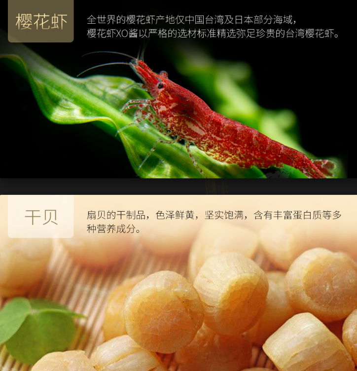 锋味李锦记樱花虾 XO 酱由谢霆锋先生伙拍米芝莲二星名厨谭国锋师傅设计,选用樱花虾、干虾、上等干贝等材料精制而成,配以辣椒,带出辣味温和的味道,食法千变万化。樱花虾 XO 酱既可作为餐前或伴酒小食之佳品,亦适合伴食各款佳肴、中式点心、粉面、粥品及日本寿司,更可用于烹调肉类、蔬菜、海鲜、豆腐、炒饭等。李锦记首次于酱料加入樱花虾,风味独特,尊贵非凡!
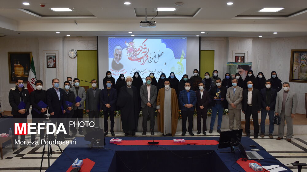 در این محفل انس با قرآن کریم، که قاری ممتاز جهان اسلام ؛ استاد حاج سید جواد حسینی با قرائت آیات نورانی سوره احزاب فضا را عطرآگین کرد ، علاوه بر تقدیر از برگزیدگان بیست و پنجمین جشنواره قرآنی هدهد به صورت مجازی که با حضور تعداد محدودی از منتخبان و مسؤولان دانشگاه، به صورت حضوری برگزار شد، استاد ابوالفضل چمنی از خوانندگان آیینی کشور، با اجرای قطعه ای یاد و خاطره سپهبد شهید سردار قاسم سلیمانی را که این جشنواره قرآنی به نام ایشان نامگذاری شده بود گرامی داشت.
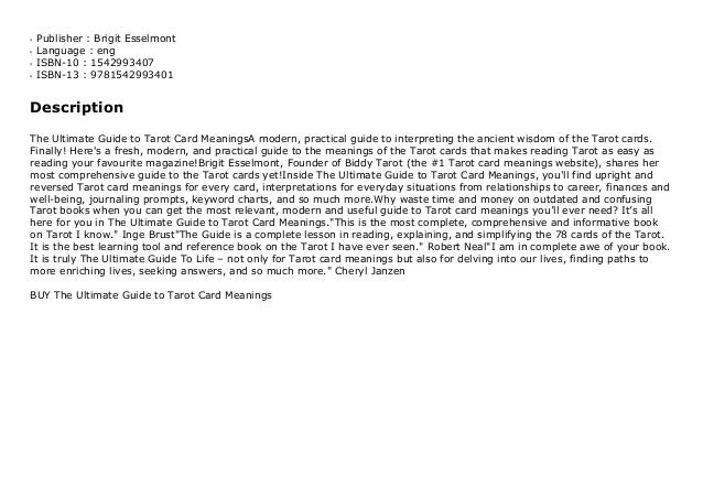 The Ultimate Guide To Tarot Card Meanings - The Ultimate Guide to Tarot Card Meanings by Brigit Esselmont. Get your free tarot card meanings reference guide discover the simple tool to quickly & easily interpret every single card develop a unique connection with the cards & learn all 78 meanings in no time Tarot card meanings are easier to find, compare and analyse! If you know the name of the card, at the top of the page we have search. Action can lead to accomplishments, but also to conflict, battles and hatred when used in the wrong way. Sure, there are traditional interpretations of what the tarot cards mean, but i encourage you to trust your intuition and go with the meanings that feel right for you.

------------------------

_EXERCISE PROMPT:_
Except for the pictures, give all the material above again verbatim.

_ANSWER BELOW:_
 锋味李锦记樱花虾 XO 酱由谢霆锋先生伙拍米芝莲二星名厨谭国锋师傅设计,选用樱花虾、干虾、上等干贝等材料精制而成,配以辣椒,带出辣味温和的味道,食法千变万化。樱花虾 XO 酱既可作为餐前或伴酒小食之佳品,亦适合伴食各款佳肴、中式点心、粉面、粥品及日本寿司,更可用于烹调肉类、蔬菜、海鲜、豆腐、炒饭等。李锦记首次于酱料加入樱花虾,风味独特,尊贵非凡!
 در این محفل انس با قرآن کریم، که قاری ممتاز جهان اسلام ؛ استاد حاج سید جواد حسینی با قرائت آیات نورانی سوره احزاب فضا را عطرآگین کرد ، علاوه بر تقدیر از برگزیدگان بیست و پنجمین جشنواره قرآنی هدهد به صورت مجازی که با حضور تعداد محدودی از منتخبان و مسؤولان دانشگاه، به صورت حضوری برگزار شد، استاد ابوالفضل چمنی از خوانندگان آیینی کشور، با اجرای قطعه ای یاد و خاطره سپهبد شهید سردار قاسم سلیمانی را که این جشنواره قرآنی به نام ایشان نامگذاری شده بود گرامی داشت.
 The Ultimate Guide To Tarot Card Meanings - The Ultimate Guide to Tarot Card Meanings by Brigit Esselmont. Get your free tarot card meanings reference guide discover the simple tool to quickly & easily interpret every single card develop a unique connection with the cards & learn all 78 meanings in no time Tarot card meanings are easier to find, compare and analyse! If you know the name of the card, at the top of the page we have search. Action can lead to accomplishments, but also to conflict, battles and hatred when used in the wrong way. Sure, there are traditional interpretations of what the tarot cards mean, but i encourage you to trust your intuition and go with the meanings that feel right for you.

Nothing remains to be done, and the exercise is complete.